Along the course of this project, these suggestions were followed yet adapted to the circumstances of these experiments and taking into account registered behaviours within the samples through the observational method. The core experimental research focused on simple chemical systems, such as solutions and dispersions. After the completion of the stability testing phase, a pre-selection of samples was identified and chosen to continue to run the body of the experiment. The following step was performed by a spray drying process of those matrixes which shown, apparently, the best match of properties. Bearing in mind this reasoning, and to either give it more credit or reconsider early-stage outcomes, the author regards an investigation via SEM and through the E-nose as recommendable to shed light on more scientific evidence [4].
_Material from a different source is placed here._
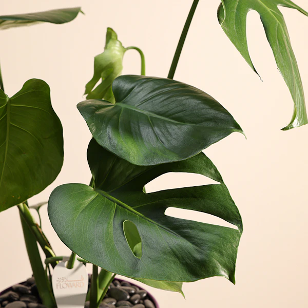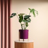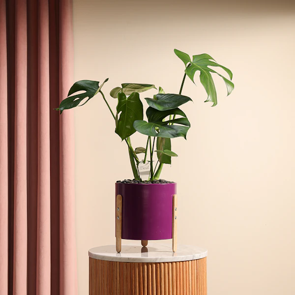 Discover the beauty of the Monstera Deliciosa plant, also known as the Swiss Cheese Plant, elegantly presented in a purple metal vase. This plant is an excellent choice for home and office decoration. It thrives in low to medium light and requires watering once a week. Ideal growing temperatures range from 15°C to 25°C, with a medium care level. The Monstera plant also purifies the air, making it a healthy addition to your space. It's recommended to change the soil once every three years and to feed the plant monthly. Add a touch of natural beauty and health to your environment with this perfect gift.
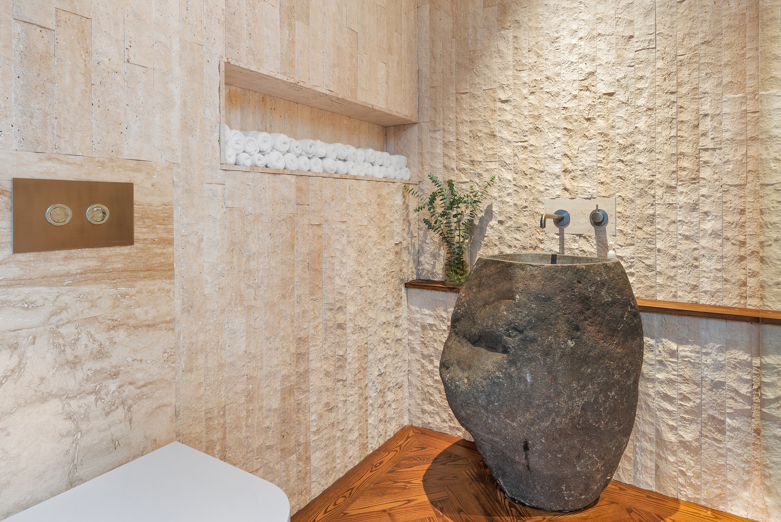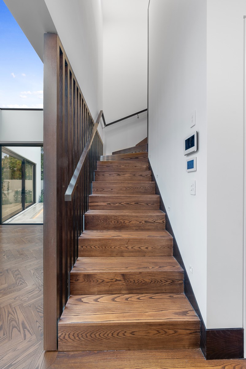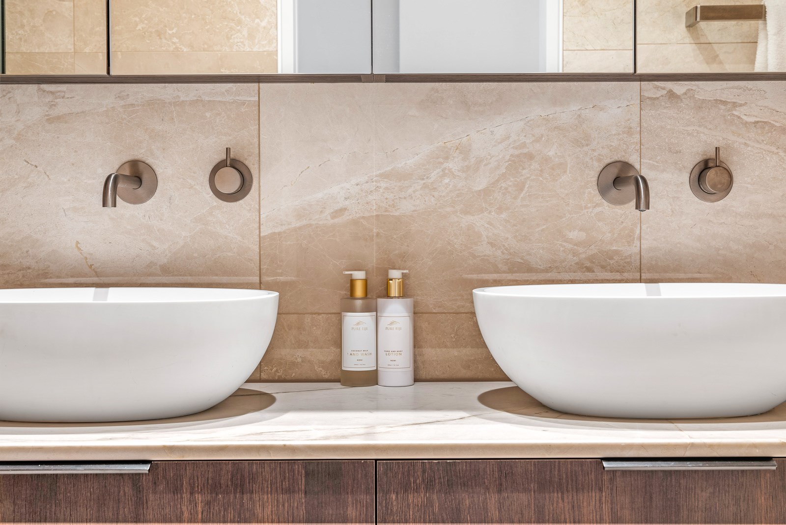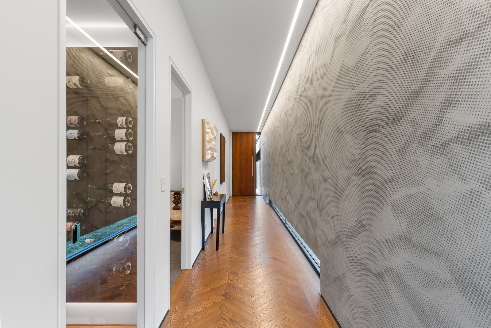 The downstairs open-plan living areas spill onto the outdoor living, with a built-in outdoor kitchen barbecue area with louvre roof and outdoor fire, opening it up for year-round use. Established trees and a stream provide lovely views and privacy. The exquisite kitchen has solid American Ash herringbone floors, generous quartzite benchtops and an eye-catching marble splashback. The powder room has split-faced travertine walls and a granite boulder sink. A hall skylight overlooks a beautifully landscaped courtyard, and there’s a wine cellar in the main hallway with back-lighting. All four of the bedrooms, including the guest suite on the lower level, have ensuites, the main ensuite boasting a cedar sauna. This home is a truly luxurious retreat.

This section represents a brief overview of the main results in the graphs as follows:

The radar graph (Figure 1) shows a macro representation of a hypothesized odour-masking effect based on the series of empirical evidence and experimental results of this project. On one side, it could be argued that these sensory attributes do not represent the whole odour profile of investigated active ingredient. On the other, the absence of comprehensive literature, as well as the whole complexity of the chemical nature of the bio-active, has to be weighted as a factor. The evaluation scale of the background odour was determined and assessed as such: masked, not masked, modified and partially masked.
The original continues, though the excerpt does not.